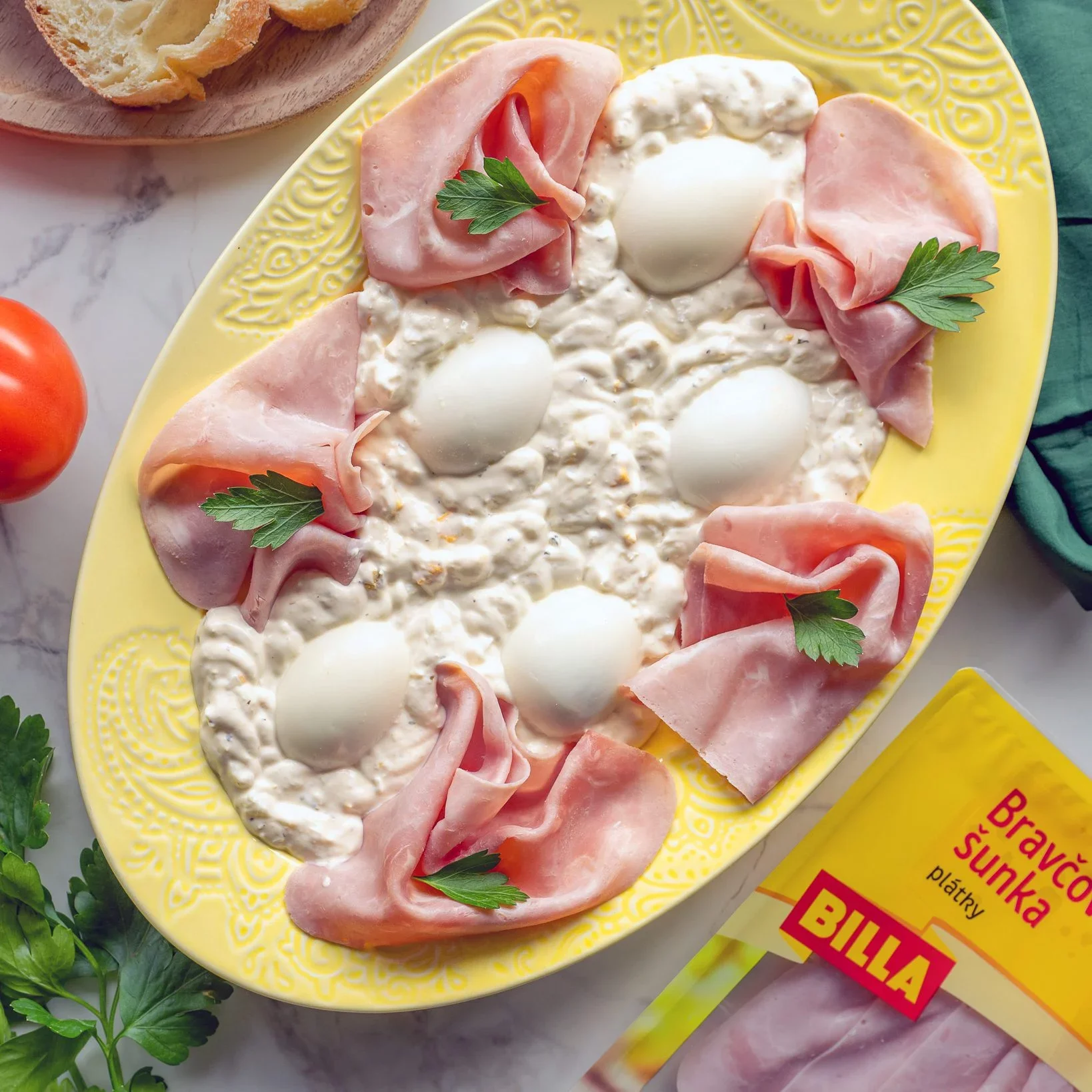 Okolo naaranžujeme šunku a navrch doladíme lístočkami petržlenovej vňate. Podávame s čerstvým pečivom. Dobrú chuť a veselú Veľkú noc!
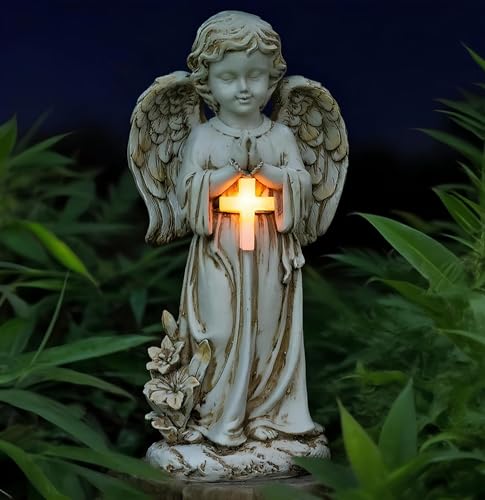 Générique Statues et Figurines d'- Résine résistante aux intempéries, énergie Solaire,Décor extérieur pour Jardin avec Statue d'ange,pour extérieur, Jardin, cimetière, Femme, Maman, Anniversaire,
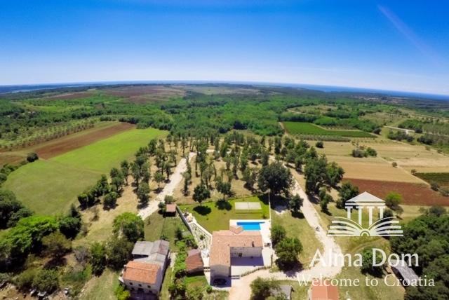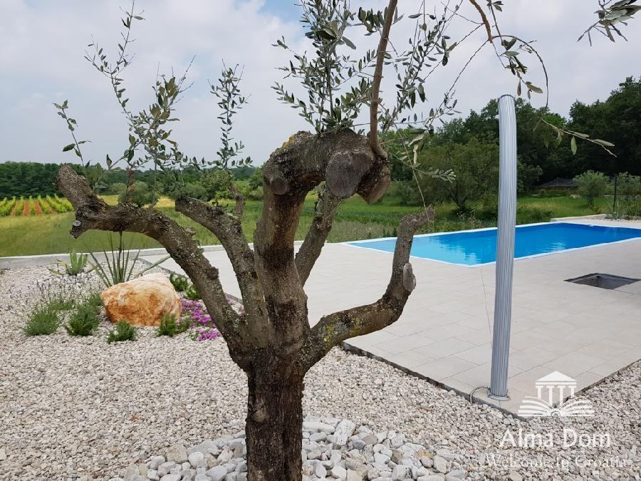 Dvorišče krasijo avtohtone sredozemske rastline, bazen površine 40 m2 in žar.

--- The task ---
Apart from the images, every line above is to be given again exactly.

--- Written solution ---
 Okolo naaranžujeme šunku a navrch doladíme lístočkami petržlenovej vňate. Podávame s čerstvým pečivom. Dobrú chuť a veselú Veľkú noc!
 Générique Statues et Figurines d'- Résine résistante aux intempéries, énergie Solaire,Décor extérieur pour Jardin avec Statue d'ange,pour extérieur, Jardin, cimetière, Femme, Maman, Anniversaire,
 Dvorišče krasijo avtohtone sredozemske rastline, bazen površine 40 m2 in žar.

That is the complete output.